L’Italia dipende dalle importazioni per il 92%, la percentuale maggiore tra le economie europee. Eppure, il gas rappresenta il 35% dei nostri consumi energetici. Le forniture arrivano essenzialmente da sei paesi: Russia, Norvegia, Olanda, Algeria, Tunisia e Libia. Tuttavia, la sola Russia rappresenta oltre il 40% delle importazioni totali, mentre il contributo di Tripoli resta basso (8 miliardi di metri cubi all’anno) e forse è un bene che la sua incidenza sulle importazioni italiane non aumenti significativamente, data l’instabilità politica e conseguentemente anche delle forniture energetiche della nostra ex colonia nordafricana.

Escludendo la Norvegia, la quasi totalità delle nostre importazioni deriva da aree geopoliticamente sensibili. Non è la prima volta che l’Italia vive il timore di una crisi del gas.

Nel 2005, il braccio di ferro tra Vladimir Putin e Kiev su tensioni sia politiche che legate alle condizioni commerciali del transito del gasdotto sul territorio ucraino ha fatto tremare Roma più di ogni altra capitale, perché la chiusura dei rubinetti da parte di Mosca avrebbe avuto e tutt’ora avrebbe da noi conseguenze negative ben più dirompenti.

I troppi no dell’Italia

Eppure, la costruzione del Tap, il gasdotto che dall’Azerbaigian rifornirà di nuova energia l’Italia attraverso la Puglia dal 2020 è osteggiato da un vasto movimento di opposizione, ribattezzato appunto No-Tap, che vede nel governatore Michele Emiliano forse il suo massimo esponente e che ieri ha paragonato il cantiere di Melendugno per i lavori niente di meno che ad Auschwitz. Parliamo di una regione, dove si levano proteste da parte degli stessi ambienti anche contro l’Ilva di Taranto, un indizio non secondario dell’esistenza di un’Italia dei “no” a tutto, salvo lamentare l’assenza di lavoro e di investimenti. E così, non solo non siamo in grado nemmeno di sfruttare appieno i propri giacimenti di gas, che coprono appena l’8% del fabbisogno nazionale, quando saremmo in possesso di riserve accertate e recuperabili per oltre 60 miliardi di metri cubi, ma continuiamo ad osteggiare qualsivoglia infrastruttura in grado di farci fluire il gas di cui avremmo bisogno per scaldarci, secondo il classico principio del “Nimby” (“Non in may back yard”), ovvero tenetevi lontano dal mio orticello. (Leggi anche: Gasdotto Puglia, No Tap proseguono la lotta)

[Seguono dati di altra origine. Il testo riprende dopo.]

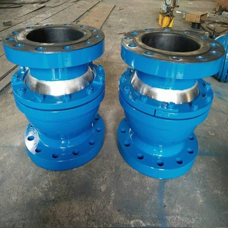 球形补偿器 依靠球体的角位移来吸收或补偿管道伸缩器的一个或多个方向的水平位移。补偿器应成对使用,单次使用无补偿能力,但可用作管道通用接头。因此具有补偿能力大、流体阻力小、变形应力小、无盲板力、固定支撑力小等优点。 管道和设备材料应经久耐用,不污染水体,便于施工和维护管理。双法兰限位伸缩机技术人员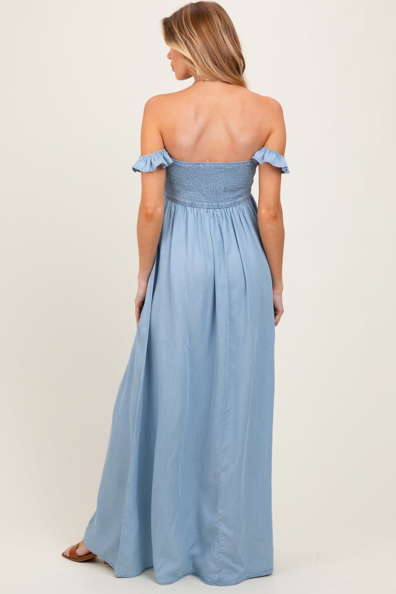 Light Chambray Smocked Denim Off-Shoulder Maternity Maxi Dress
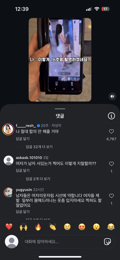 더 역겨운게 뭔지알아?뭐 세상애 개념없고 쓰레기인 사람들도 있으니 그렇다 치는데 저 댓글들을 욕하면 페미,남혐으로 몰고가는게 대부분 한남들이라는거.여기 판에도 많아 인스타까지 갈것도 없이.예전엔 소수만 그러겠지 했는데 이젠 소수만 정상이고 나머진 다 한남이라 생각하면 됨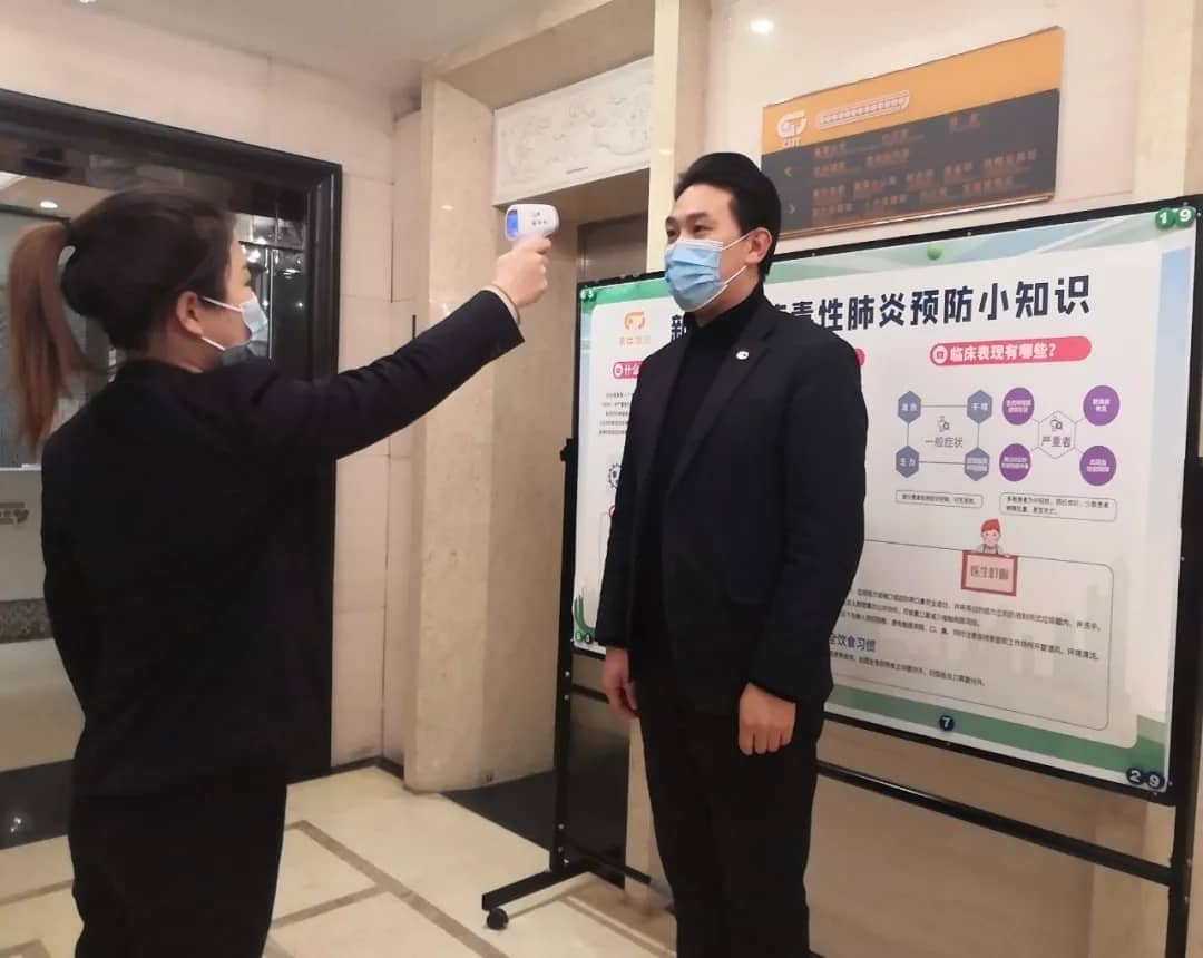 自新冠肺炎疫情發(fā)生以來,春江集團(tuán)迅速成立以張洪梅董事長為組長的疫情防控工作領(lǐng)導(dǎo)小組,制定下發(fā)《新冠病毒應(yīng)急預(yù)案》、《春江集團(tuán)復(fù)工疫情防控工作方案》等文件,嚴(yán)格落實防控措施,購買口罩、防護(hù)服、消毒粉、酒精、紅外測溫槍、溫度計等防護(hù)物資。除必要的值班人員外,其余人員一律不得進(jìn)廠,重點崗位人員穿防護(hù)服上崗,每日發(fā)放口罩,每日兩次量體溫,就餐采取一人一桌,同向就餐。組建由中高層領(lǐng)導(dǎo)、黨員、退役軍人為骨干的突擊隊,每日對廠區(qū)、辦公樓、宿舍、餐廳等區(qū)域進(jìn)行消毒并做好記錄。保衛(wèi)部門嚴(yán)格人員出入登記、體溫測量及酒精消毒。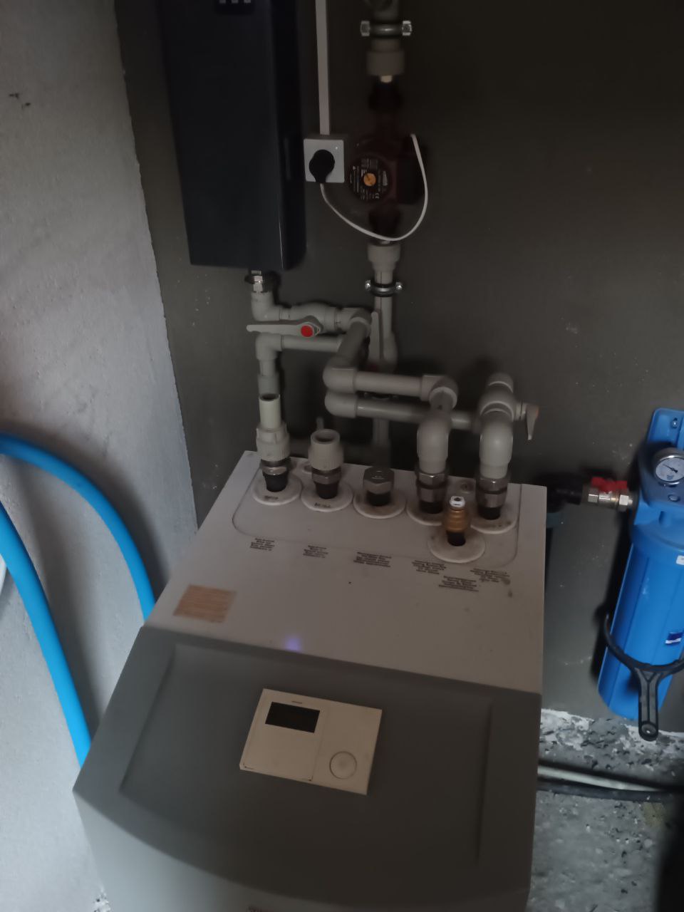 Після встановлення зовнішнього обладнання та буферної ємності розпочато монтаж внутрішнього блоку теплового насоса Stiebel Eltron WPF, який розміщено в технічному приміщенні будинку. Обладнання встановлено на підготовлену рівну поверхню з дотриманням усіх вимог щодо вентиляції та доступу для обслуговування.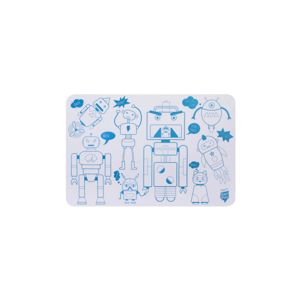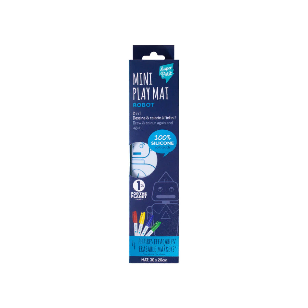 Super Petit Mini Playmat: ROBOT 1,2x2x9 in, reversible silicone drawing mat with 4 markers, in cardboard box, 3+

Al contrario, proprio la nostra posizione strategica dovrebbe farci diventare un nuovo hub del gas di un’Europa in cerca di diversificazione delle fonti di approvvigionamento e di un allentamento della dipendenza energetica dalla Russia. Potremmo smistare petrolio dal Nord Africa, dall’Azerbaigian e dalla stessa Russia con la costruzione di un gasdotto alternativo a quello che passa per Ucraina e Austria, come la stessa Mosca era intenzionata a fare con la collaborazione di Snam fino al 2014, anno in cui il progetto naufragò per le sanzioni UE e USA contro il Cremlino, salvo scoprire poco dopo che la Germania, che quelle sanzioni le aveva volute più di altri e che aveva messo in guardia il nostro paese dal consentire ai russi di bypassare l’Ucraina per rifornirci di gas dal sud, si sia offerta per fare transitare il gas sul suolo tedesco.

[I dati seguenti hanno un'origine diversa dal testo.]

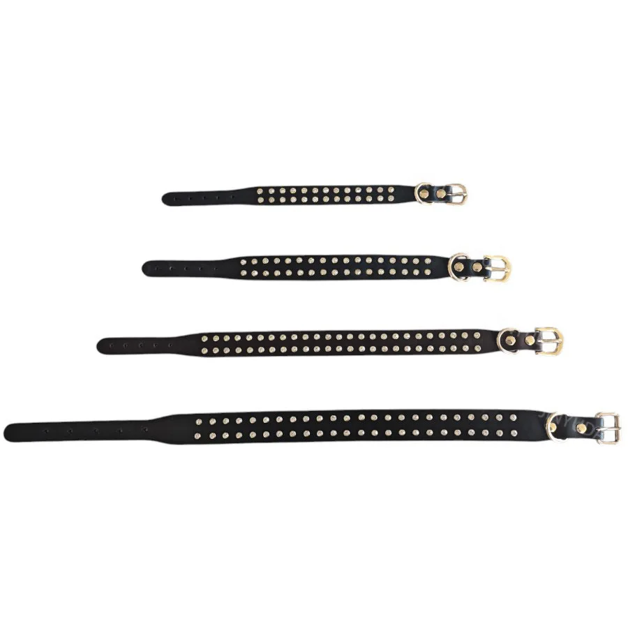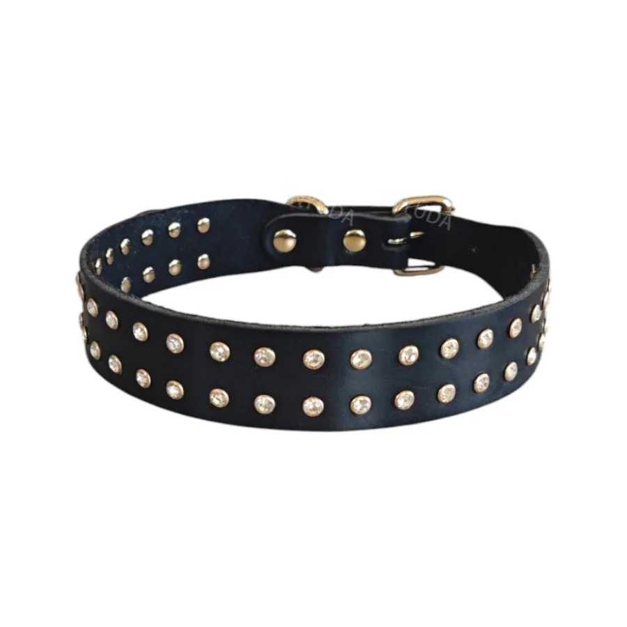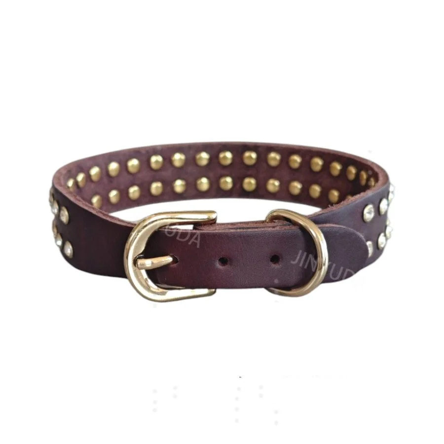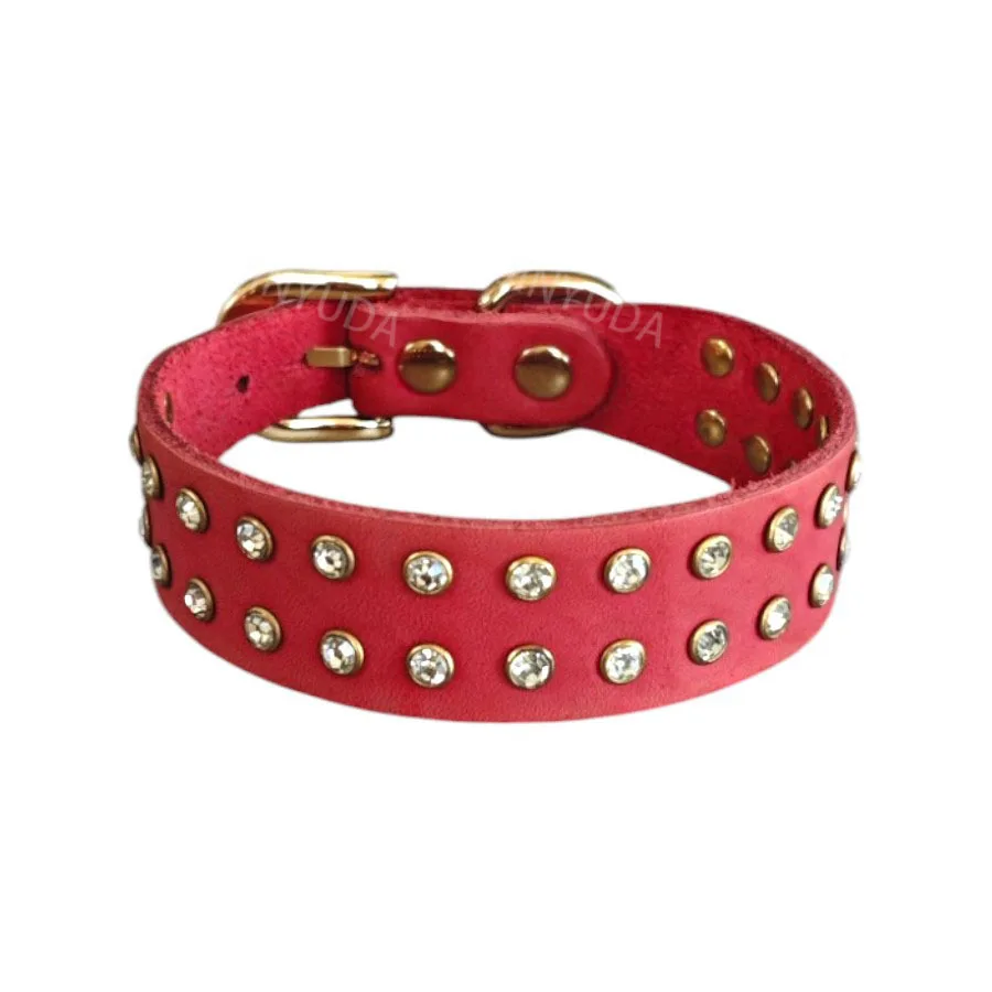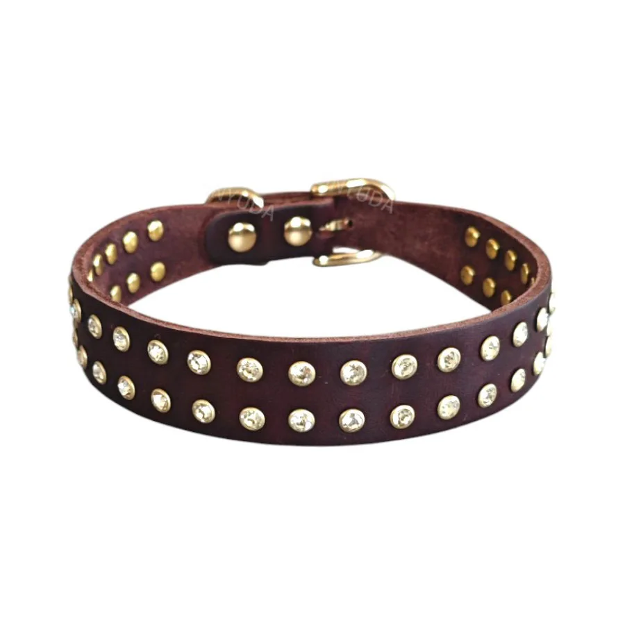 Collar de cuero genuino con diamantes de imitación, Collar de perro resistente ajustable de cuero real, Collar de piel de vaca para mascotas para perros pequeños a grandes

All’Italia mancano tante cose: una politica energetica razionale, che affronti in maniera lungimirante il problema della nostra cronica dipendenza dall’estero; una coesione interna tra stato centrale e territori sulla costruzione degli impianti e una capacità come sistema-Paese di difendere gli interessi nazionali fuori dai nostri confini. E così, se nel 2003 abbiamo scoperto che è bastata la caduta di un albero in Svizzera per farci finire al buio un’intera giornata, l’altro ieri abbiamo assaggiato il rischio di un inverno glaciale nelle nostre case per un incidente nemmeno così sconvolgente in Austria. E se a Putin o al rais di turno a Tripoli gli girano, siamo perduti.